Extracted records —

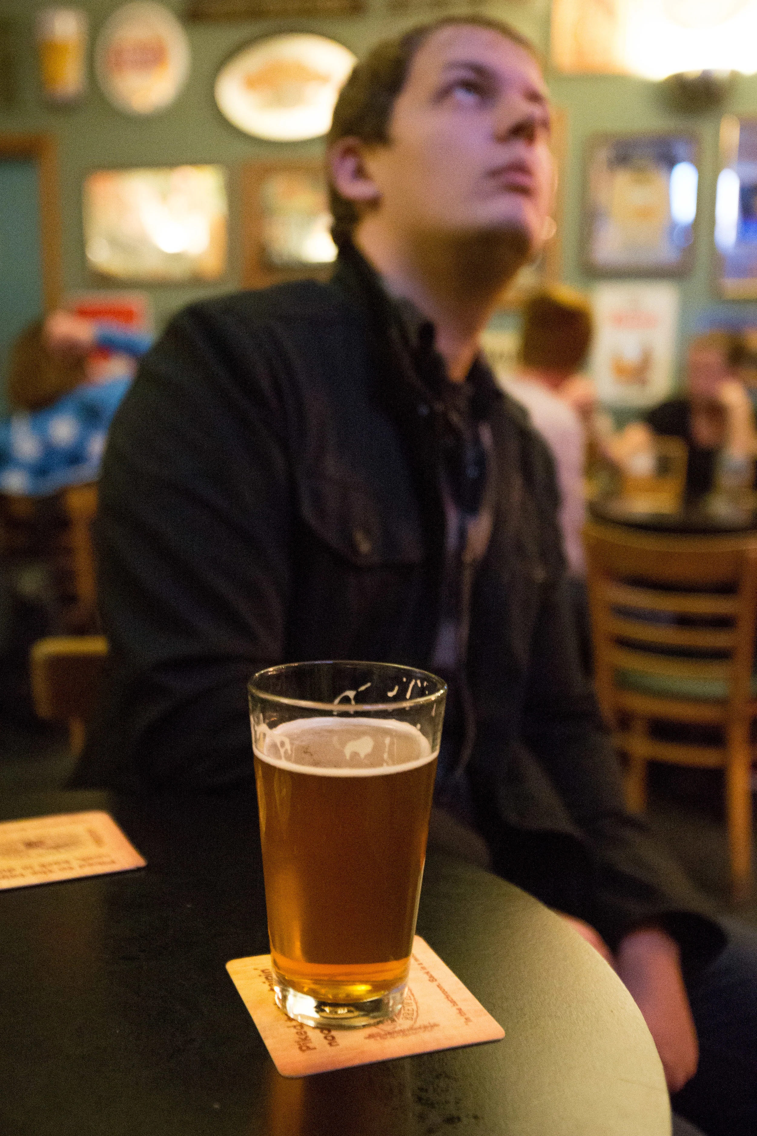 First stop, Monks Kettle. Its known as a local favorite and has up to 28 beers on tap at a given time. We decided to pop in to talk to the bartender and try a few recommendations. As we stepped in I snapped a wide angle of the bar and was pleasantly surprised at the detail rendered at such high ISO. The old 5D mk2 wasn't much use after ISO 6400, but this image at 16,000 still renders a significant amount of detail despite the level of grain that is present.
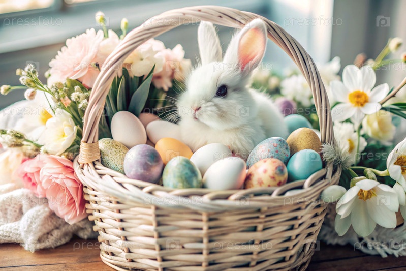 Баннер. пасхальный кролик в плетеновой корзине, наполненной красочными пасхальными яйцами. концепция весенних праздников Пасхи
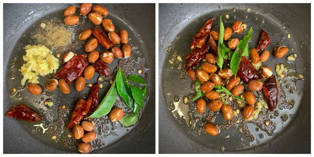 नंतर त्यात मोहरी आणि सुकलेल्या लाल मिरच्या घालून घ्या व मोहरी फुटेपर्यंत त्यांना परता.
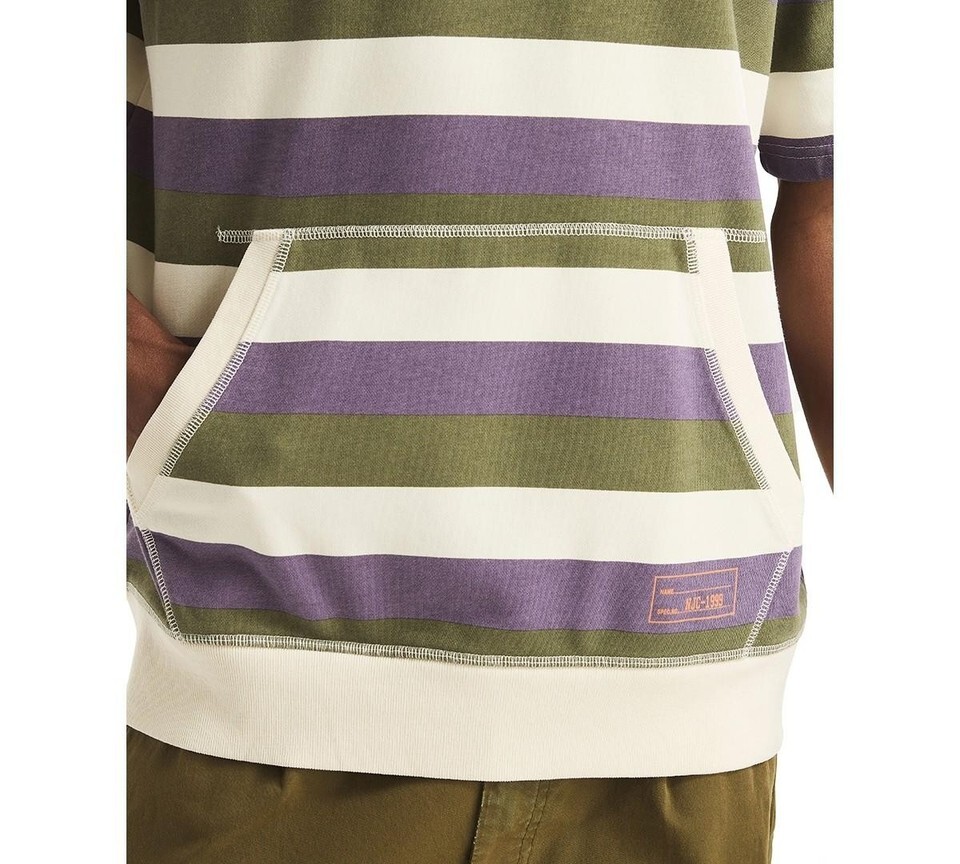 Nautica Crewneck Shirt Grape Size Large Mens Striped Kangaroo Pocket Classic Fit
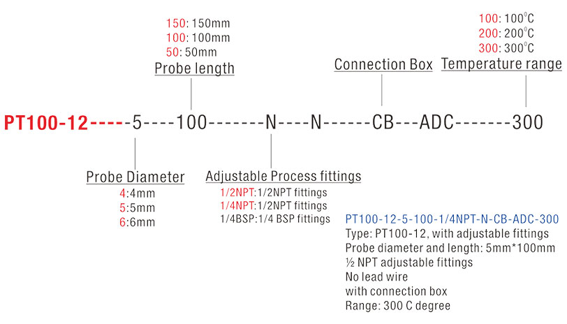 PT100-12 — [Probe Diameter] — [Probe Length] — [Adjustable Process Fitting] — [Lead Wire] — [Connection Box] — [Temperature Range]
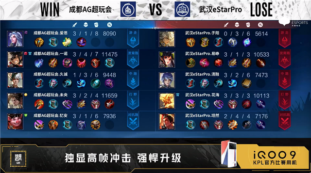 双方常规开局。2分49秒成都AG中路击杀不知火舞拿到一血。3分07秒成都AG拿下暴君。3分30秒武汉eStar拿下主宰,4分24秒主宰处双方1换1。5分19秒武汉eStar摧毁敌方对抗路外塔。5分48秒发育路团战武汉eStar打出1换2,5分55秒武汉eStar裴擒虎野区单杀橘右京。6分38秒成都AG中路击杀不知火舞。7分38秒武汉eStar拿下暴君。7分51秒武汉eStar野区击杀东皇太一。8分17秒武汉eStar摧毁敌方中路外塔。8分45秒成都AG野区击杀蒙恬。9分52秒双方野区1换1。10分08秒武汉eStar拿下暗影主宰。10分48秒武汉eStar拿下暗影暴君。11分17秒武汉eStar野区击杀项羽。11分47秒武汉eStar摧毁敌方发育路高地塔。12分30秒武汉eStar摧毁敌方对抗路二塔。13分03秒成都AG对抗路打出1换2。14分35秒武汉eStar拿下暗影暴君。15分47秒武汉eStar拿下暗影主宰。16分43秒武汉eStar摧毁敌方对抗路高地塔。17分17秒团战武汉eStar打出1换2并摧毁敌方中路高地塔。18分42秒武汉eStar中路打出0换4。18分44秒武汉eStar摧毁敌方水晶拿下比赛。
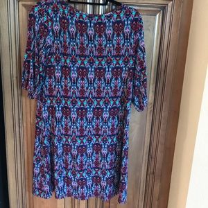 It's an awesome dress for anything! Looks great with boots or wedges. Super soft but good quality... worn a few times but looks brand new, pair with the denim jacket in my closet, add a scarf, long necklace... vibrant colors and simple cut make this so versatile and on trend! and no wrinkles, throw in a bag for any occasion with no hassle or worry! Hits top of the knee on me, @5'3... loose style but I'm not swimming in it, and easy to belt as it drapes well!
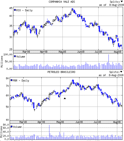 画像2は、ブラジルを代表する資源株である、ヴァーレ(鉄鉱石・非鉄)、ペトロブラス(石油)のチャートです。ヴァーレは好決算を発表しましたが売られました。
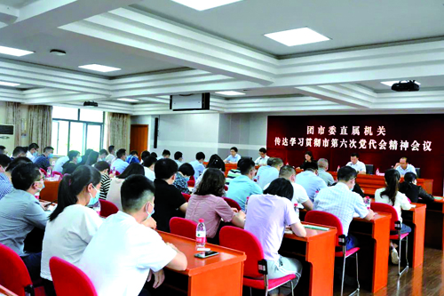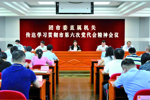 会议要求,要把深入学习宣传贯彻市第六次党代会精神作为当前和今后一个时期的重要政治任务,在深入学习、深入宣传、深入落实上下功夫,迅速兴起学习宣传贯彻的热潮。要全面及时做好会议精神传达,通过党员大会等形式传达到每一名党员干部,切实把思想和行动统一到大会的决策部署上来。要突出“关键”开展学习培训,中心组要发挥示范引领作用,中心组成员要先学一步、深学一层,直属机关各级党组织书记要把学习会议精神与党史学习教育常态化长效化紧密结合起来,市团校要将会议精神纳入各级各类团干部培训内容,切实提升学习实效。要营造浓厚氛围抓好宣传引导,运用新媒体手段开展“青年味”阐释,按照市委工作安排适时组建青年宣讲团,全方位、大力度宣传阐释会议精神。

Task item —
Having located the line with "नंतर त्यात मोहरी", transcribe exactly and only the lines from it to the final line of the material, skipping the pictures.

Finished task —
 नंतर त्यात मोहरी आणि सुकलेल्या लाल मिरच्या घालून घ्या व मोहरी फुटेपर्यंत त्यांना परता.
 Nautica Crewneck Shirt Grape Size Large Mens Striped Kangaroo Pocket Classic Fit
 PT100-12 — [Probe Diameter] — [Probe Length] — [Adjustable Process Fitting] — [Lead Wire] — [Connection Box] — [Temperature Range]
 双方常规开局。2分49秒成都AG中路击杀不知火舞拿到一血。3分07秒成都AG拿下暴君。3分30秒武汉eStar拿下主宰,4分24秒主宰处双方1换1。5分19秒武汉eStar摧毁敌方对抗路外塔。5分48秒发育路团战武汉eStar打出1换2,5分55秒武汉eStar裴擒虎野区单杀橘右京。6分38秒成都AG中路击杀不知火舞。7分38秒武汉eStar拿下暴君。7分51秒武汉eStar野区击杀东皇太一。8分17秒武汉eStar摧毁敌方中路外塔。8分45秒成都AG野区击杀蒙恬。9分52秒双方野区1换1。10分08秒武汉eStar拿下暗影主宰。10分48秒武汉eStar拿下暗影暴君。11分17秒武汉eStar野区击杀项羽。11分47秒武汉eStar摧毁敌方发育路高地塔。12分30秒武汉eStar摧毁敌方对抗路二塔。13分03秒成都AG对抗路打出1换2。14分35秒武汉eStar拿下暗影暴君。15分47秒武汉eStar拿下暗影主宰。16分43秒武汉eStar摧毁敌方对抗路高地塔。17分17秒团战武汉eStar打出1换2并摧毁敌方中路高地塔。18分42秒武汉eStar中路打出0换4。18分44秒武汉eStar摧毁敌方水晶拿下比赛。
 It's an awesome dress for anything! Looks great with boots or wedges. Super soft but good quality... worn a few times but looks brand new, pair with the denim jacket in my closet, add a scarf, long necklace... vibrant colors and simple cut make this so versatile and on trend! and no wrinkles, throw in a bag for any occasion with no hassle or worry! Hits top of the knee on me, @5'3... loose style but I'm not swimming in it, and easy to belt as it drapes well!
 画像2は、ブラジルを代表する資源株である、ヴァーレ(鉄鉱石・非鉄)、ペトロブラス(石油)のチャートです。ヴァーレは好決算を発表しましたが売られました。
 会议要求,要把深入学习宣传贯彻市第六次党代会精神作为当前和今后一个时期的重要政治任务,在深入学习、深入宣传、深入落实上下功夫,迅速兴起学习宣传贯彻的热潮。要全面及时做好会议精神传达,通过党员大会等形式传达到每一名党员干部,切实把思想和行动统一到大会的决策部署上来。要突出“关键”开展学习培训,中心组要发挥示范引领作用,中心组成员要先学一步、深学一层,直属机关各级党组织书记要把学习会议精神与党史学习教育常态化长效化紧密结合起来,市团校要将会议精神纳入各级各类团干部培训内容,切实提升学习实效。要营造浓厚氛围抓好宣传引导,运用新媒体手段开展“青年味”阐释,按照市委工作安排适时组建青年宣讲团,全方位、大力度宣传阐释会议精神。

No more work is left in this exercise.